I found the plot and worldbuilding confusing at first. It wasn’t sufficiently explained or demonstrated, and, while the key at the start of the book was helpful, a map would have been good. However, I went with it and I think by the end had a clear enough idea of what was going on. I enjoyed the sense of place throughout, and, while this was clearly a world in chaos, it was still one I’d like to visit.
If some of the character names and tropes were a little obvious, I didn’t mind that. I like a little bit of cheese in my fantasy.
Having said all of that, you’re probably wondering why I won’t be reading the sequel…
What surprised me about the book was the overtly sexual nature of… well, pretty much everything! I don’t mind a bit of romance, but literally everything in the book had undertones of sex. The men are enslaved by their genitalia (cue sniggering), their role in society is to serve women as sex slaves or “consorts”, another of the main characters is a prostitute, and two of the other characters are paedophiles… None of which was subtle. And all of this is going on in a setting where the protagonist is a little girl… In fact, while I don’t like to use the word, I think a lot of people would find this book triggering. It’s quite violent, which would have been fine, but combine that with graphic sex scenes, and multiple scenes of rape, incest, and child abuse… I found it all faintly distasteful, and not a little disturbing.

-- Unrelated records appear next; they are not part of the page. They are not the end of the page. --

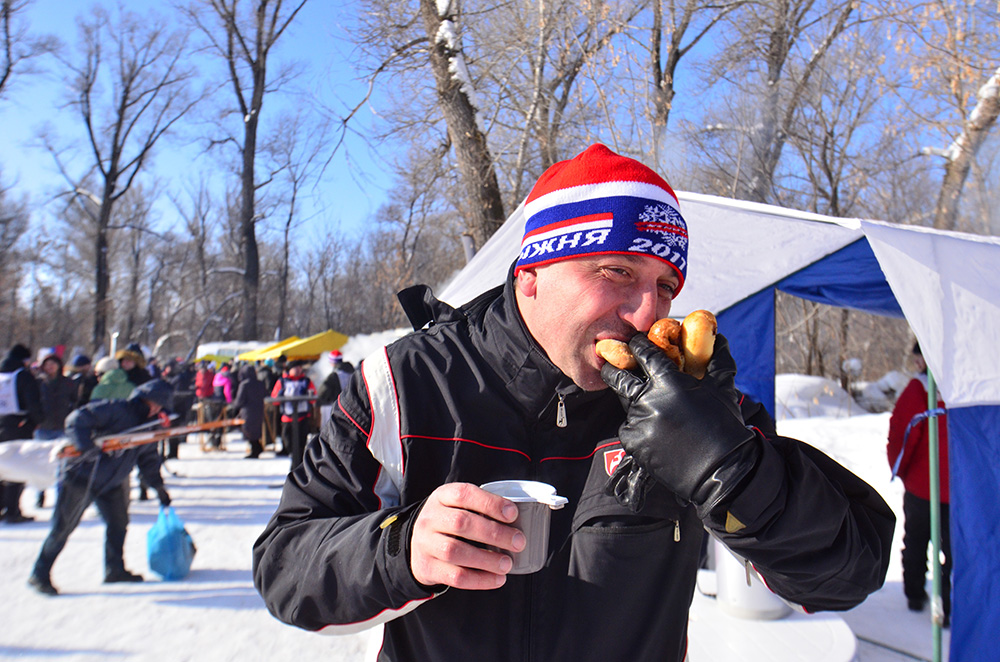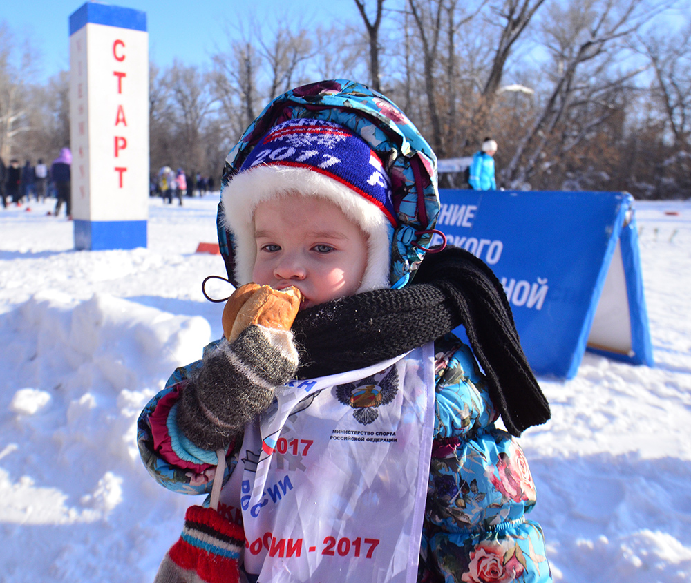 И вот село Нежинка Оренбургского района. Трехлетняя Мирослава степенно откусывает по кусочку от пирожка с капустой. На лыжи не встала по младости лет, но вместе со всеми радуется лыжному духу!
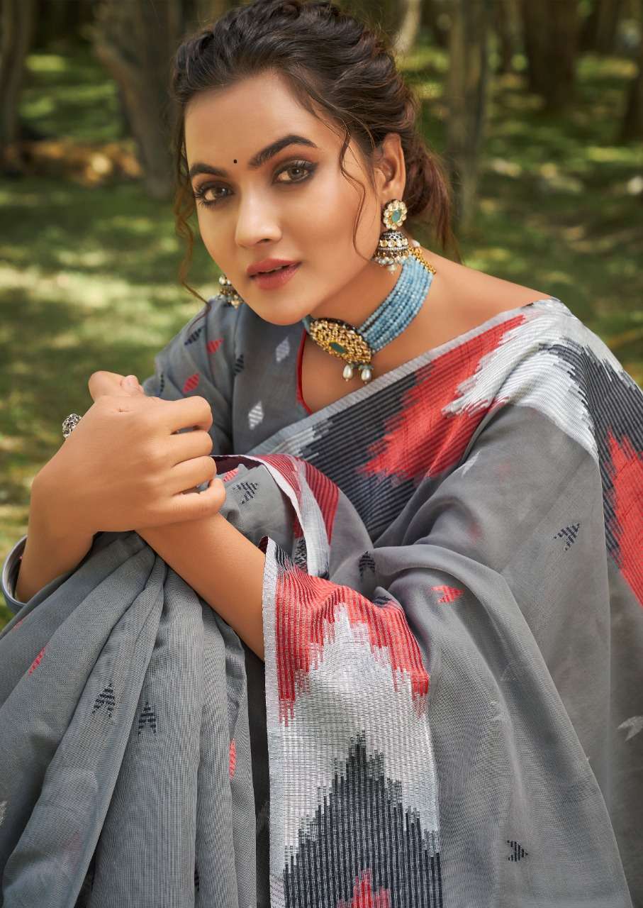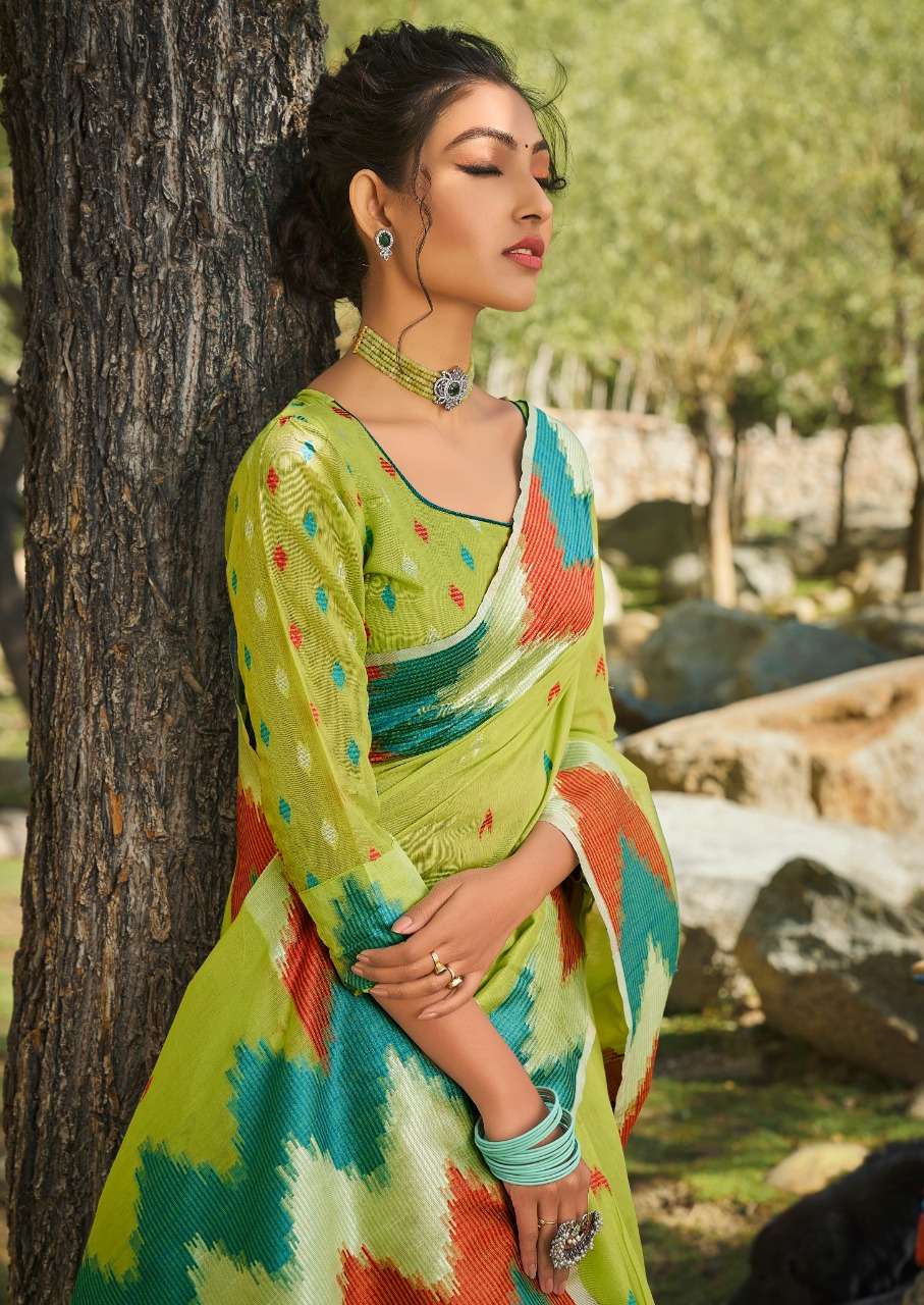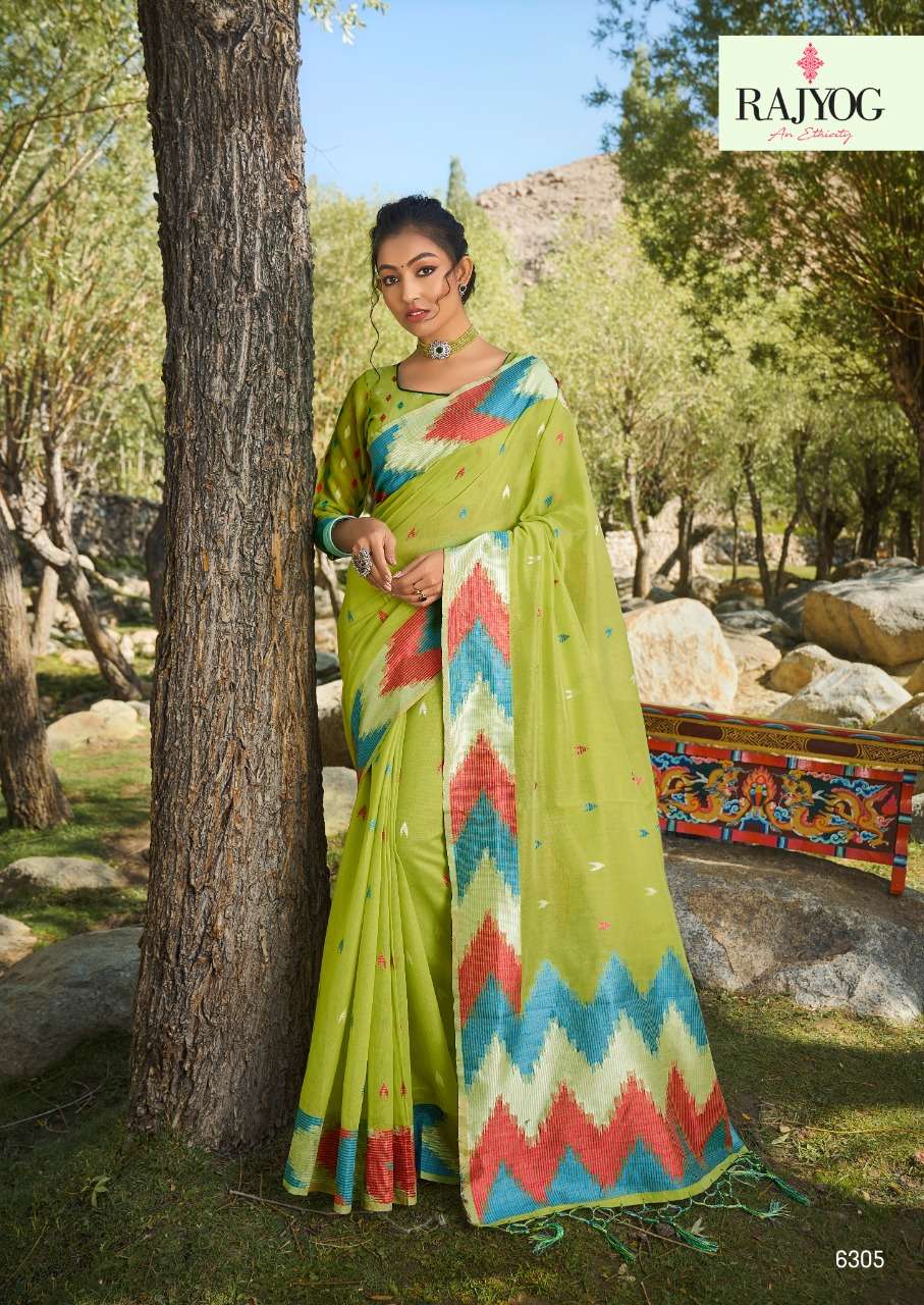 rajyog ashika silk soft cotton with designer lkkat pattern border and pallu
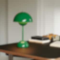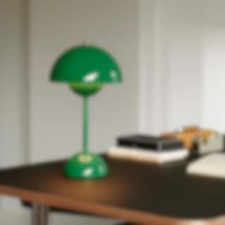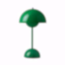 Den portabla modellen VP9 i signalgrön är något lättare och mindre i storlek än den vanliga bordslampan. Den är utrustad med en USB-laddningskabel och finns i ett brett utbud av härliga färger som skapar en spännande atmosfär i inomhus- och utomhusmiljöer. Laddningstiden är 8 timmar för full laddning och batteriet kan bytas ut. Lampan har tre ljusstyrkor, 100%, 50% och 20%, batteritid vid 100% är 10 timmar.
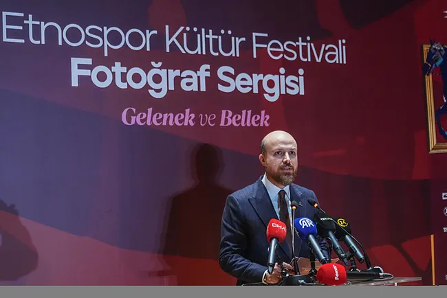 Törende konuşan Bilal Erdoğan, serginin "Gelenek ve Bellek" başlığında düzenlendiği hatırlatarak, "Etnospor Kültür Festivalleri 7 defa İstanbul'da kültürseverlerle buluştu. Dünyanın dört bir yanından gelen gelenekleri, kadim kültürleri, oyunları, geleneksel sporları, aynı mekanda bir araya getirdi. Bu yönüyle dünyanın önemli kültürel ve spor etkinliklerinden bir tanesi haline geldi. Dünyanın ve Anadolu'nun bu kadar çeşitli kültürel öğesini dört gün içerisinde bu kadar az eforla görmek sadece İstanbul'da Etnospor Kültür Festivali'nde mümkün olabiliyor. Bugün modern hayatın hızı içerisinde kaybolma riski taşıyan geleneksel sporlarımızı ve oyunlarımızı yeniden ihya etmek, onları yalnızca birer nostaljik öğe olarak değil, yaşayan birer değer olarak geleceğe taşımak için adımlar atıyoruz. Etnospor Kültür Festivali'nde köklerimizle bağ kurduğumuz, insanın merkezi alan medeniyet tasavvurunun izlerini sürüyoruz. Bu festivaller kapsamında düzenlenen fotoğraf yarışmamız yaşanan anın ötesine geçen bir tanıklık sunuyor. Bugün bu sergide gördüğümüz her bir kare ortak belleğimize düşürülmüş bir not, geleceğe bırakılmış nitelikli bir arşiv niteliği taşıyor." ifadelerini kullandı.
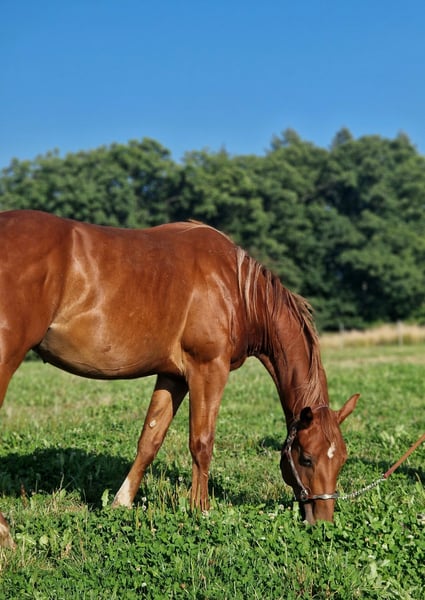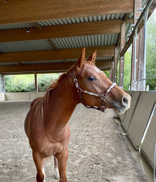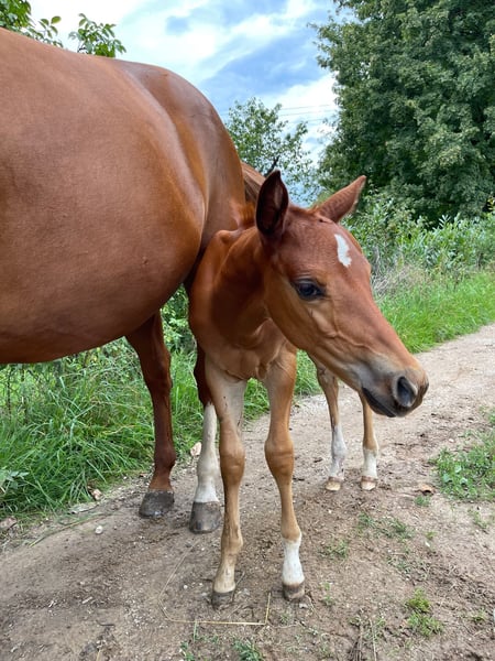 We are also looking for a 5 star home for our "Leo". The cool Quarter Horse stallion (born 2023) saw the light of day with us. His parents are also on our farm: Dam: TL Blue Alice (Aint It The Blues) Sire: Zippos King Bar Leo is a "cool sock" in every respect. He wants to please his owner at all times and is always calm and quiet. He has an athletic, correct conformation and is blessed with an outstanding gait. He is suitable for both competitions and leisure time. He is currently still a stallion and shows no stallion behavior. He is simply a treasure to handle. He has learned everything you need to know at this age: Giving hooves, introducing him to the farrier, grooming, showering/washing, walking/leading. Leo has all his basic vaccinations, is regularly wormed, has a DQHA equine passport and an AQHA certificate of registration. He is currently being bred with other young horses at our stables. He can either stay here for further rearing or move to his new home. If you would like to get to know Leo, just write to us.

I think the most disturbing part of the book was watching one of the characters try to control his feelings for the little girl… And I mean one of the characters who is not classed as an out and out paedo… Rather, it’s phrased as he likes who she will become and tries desperately not to be attracted to her as a child, but, considering at one point he has to seduce her in order to give her the will to live, I found the whole thing very troubling. How is that better?
I could have dealt with the storylines about rape and incest and all the rest, and the rather bizarre and overly sexualised worldbuilding. But having one of the protagonists lust after a ten year old, and this be excused because he says, “I’ll just wait till she’s older”, was too much for me. I’m out. That’s just wrong.